Each of these artists could fill the theatre on their own, but in the spirit of musical sharing and the fun they have together, they have chosen to play smaller theatres and present an extremely intimate offering. In case you are unfamiliar… here’s some information about each of them:
EMMYLOU HARRIS
Twelve-time Grammy award winner Emmylou Harris has been hailed as a major figure in several of America’s most important musical movements of the past three decades. Harris’ contributions to country-rock, the bluegrass revival, folk music, and the Americana movement are widely lauded, and in recent years she also has carved out a sound that is uniquely her own. A steadfast supporter of roots music and a skilled interpreter of compelling songs, she also has been associated with a diverse array of admiring collaborators. Her 1995 Wrecking Ball was a watershed album for her, combining several world-music elements with acoustic instruments, driving percussion, and a folk/roots flavor.

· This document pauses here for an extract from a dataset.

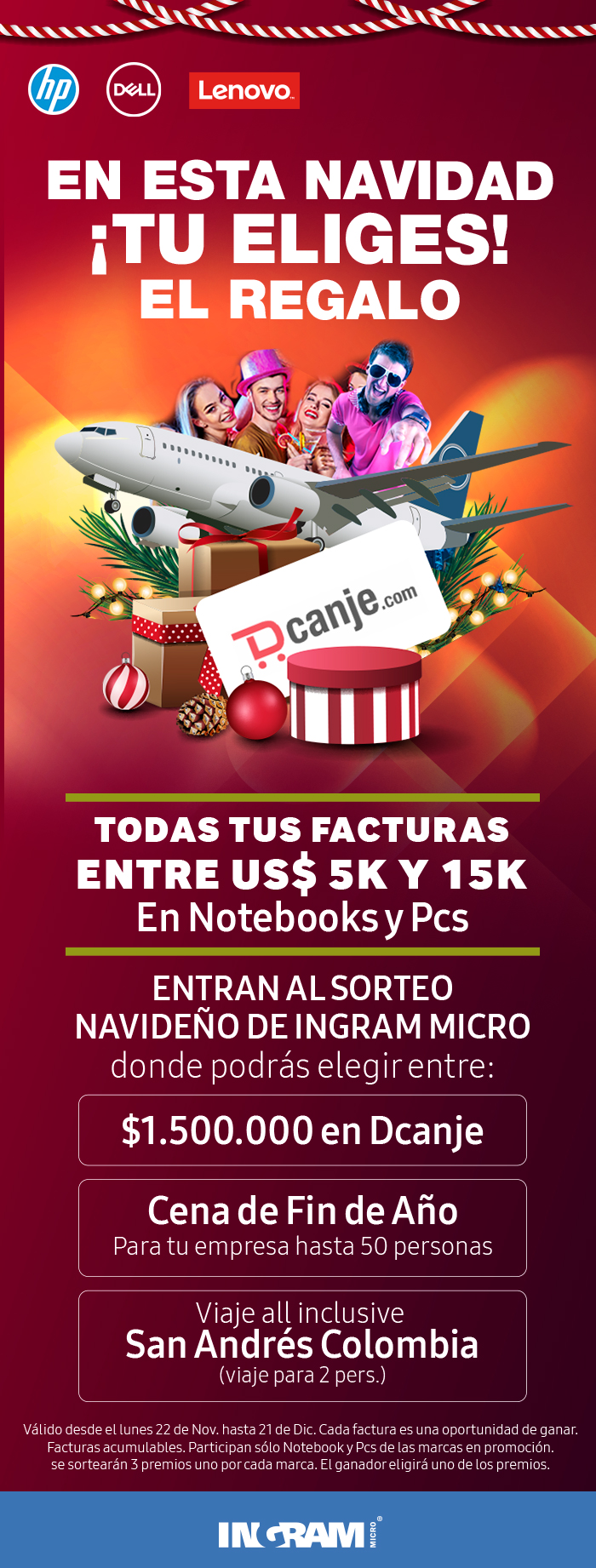 La campaña comienzòel viernes 22 de noviembre, se extiende hasta el próximo 21 de diciembre y considera todas las facturas entre US$5 y 15K en notebooks y PCs de las marcas Dell, HP y Lenovo. Cada factura es una oportunidad para ser uno de los ganadores de este gran sorteo, que regalará 3 premios en total (uno por cada marca).

The new style would evolve on a number of Harris’ subsequent releases, including 1998’s Spyboy, 1999’s Western Wall (a collaboration with Linda Ronstadt), and 2000’s Red Dirt Girl, which was praised as a showcase for Emmylou Harris’s songwriting talent.
SHAWN COLVIN
Shawn Colvin is one of the bright spots of the so-called “new folk movement” that began in the late ’80s. And though she grew out of the somewhat limited “woman with a guitar” school, she has managed to keep the form fresh with a diverse approach, avoiding the clichéd sentiments and all-too-often formulaic arrangements that have plagued the genre. In less than a decade of recording, Colvin has emerged as a songcraftsman with plenty of pop smarts, which has earned her a broad and loyal following. In an era when female singer-songwriters have been ever-more ubiquitous, Shawn Colvin stands out as a singular and enduring talent. The three-time Grammy winner has released eight albums to date, including the platinum A Few Small Repairs which featured the hit song “Sunny Came Home.”
PATTY GRIFFIN
Patty Griffin’s new album Children Running Through (ATO) continues the remarkable creative evolution that’s quietly established Griffin as a vital and singular musical force. It also belies her persistent sensitive-singer-songwriter image—a limiting perception that fails to fully convey the emotional depth and breadth of her songwriting or the emotive power of her fluid, soulful singing. Folk and rock singer Patty Griffin burst onto the national music scene in 1996 with her stark, emotional acoustic CDLiving with Ghosts. The album introduced a singer-songwriter of uncommon power. John Scheinman writing in the Fairfax Journal said, “Here’s this woman from Old Town, Maine … making the kind of record only Bob Dylan gets to make anymore…. [But] Griffin doesn’t need a band to fill the spaces because the songs come out of her gut with a conviction that’s more than enough.”
BUDDY MILLER
Behind the music is a modest man of extraordinarily broad skills. Emmylou Harris, in whose band Buddy served for 8 years, calls the 51-year old Ohio-born Nashville transplant “one of the best guitar players of all time.” Steve Earle, another former bandmate, pronounces him “the best country singer working today.” Records by artists ranging from Lucinda Williams to Trisha Yearwood have benefited from Buddy’s vocal and instrumental prowess. As for the taut, elegiac songs he composes, they could be mistaken for disinterred relics, resonant of a lost age when white and black music were casually consanguineous – could be, only cover versions by hitmakers like Lee Ann Womack, Brooks & Dunn, and the Dixie Chicks have proved their contemporary power, affirming Buddy as one of Music City’s most valuable writers. Then there is his superiority as a producer and engineer (Harris, Jimmie Dale Gilmore, Jim Lauderdale). And he has a nice sideline mastering records. He just finished touring with Allison Krauss and Robert Plant.